Edric sighed. "You won't move before I tell you, will you? Very well. Let's say I have a package to deliver. I have to admit that I'm curious at what it reads. Arthur would not tell me, although he intends to have copies send to every important House in the realm to let everyone know, just like everyone will get to know that you've been discarded and your children made bastards… once the Prince of Dragonstone is finished using Dorne to fight his battles. By the way, these men Prince Lewyn is leading? Forget about them. They're marching back. We are not fighting for Lyanna Stark and her son and that's it."

He produced a sealed parchment and handed it to Rhaegar. And a length of white cloth that he tossed on the floor as if he could not wait to get rid of it. "White was never Arthur's colour anyway," he said.

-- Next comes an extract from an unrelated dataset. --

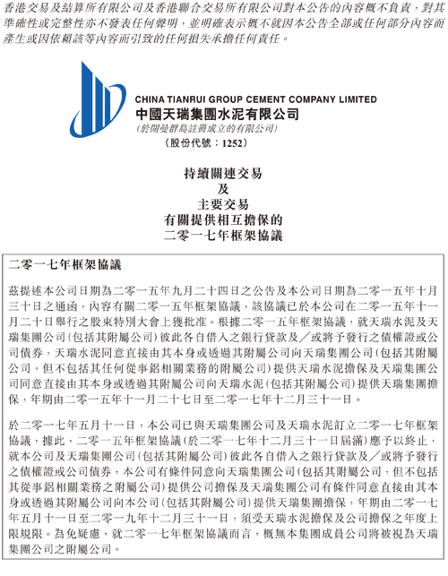 中國天瑞水泥(01252-HK)公告,于2017年5月11日,公司已與控股股東天瑞集團(tuán)公司及公司附屬天瑞水泥訂立2017年框架協(xié)議,據(jù)此,2015年框架協(xié)議應(yīng)予以終止。公司及天瑞集團(tuán)公司(包括其附屬公司)彼此各自借入的銀行貸款、將予發(fā)行的債權(quán)證或公司債券,公司與天瑞集團(tuán)公司同意相互提供擔(dān)保,但公司不為天瑞集團(tuán)公司從事鋁相關(guān)業(yè)務(wù)的附屬提供擔(dān)保。年期由2017年5月11日至2019年12月31日。公司擔(dān)保的每日結(jié)余上限為30億元,天瑞集團(tuán)擔(dān)保的每日結(jié)余上限為70億元。

Aboard the ship, Elia turned back to watch the lights of the city that had given her nothing but disdain and humiliation. She held Aegon closer and wondered if Rhaegar had made it safely back to the Red Keep after leading them out through the secret passages that he had known were there all along. She hoped that a random cutthroat will cross paths with him before he returned to the castle where everything he had stood for before Lyanna Stark had fled, leaving only a parchment that had made him white with anger and a length of white cloth. Just a white cloak and nothing else.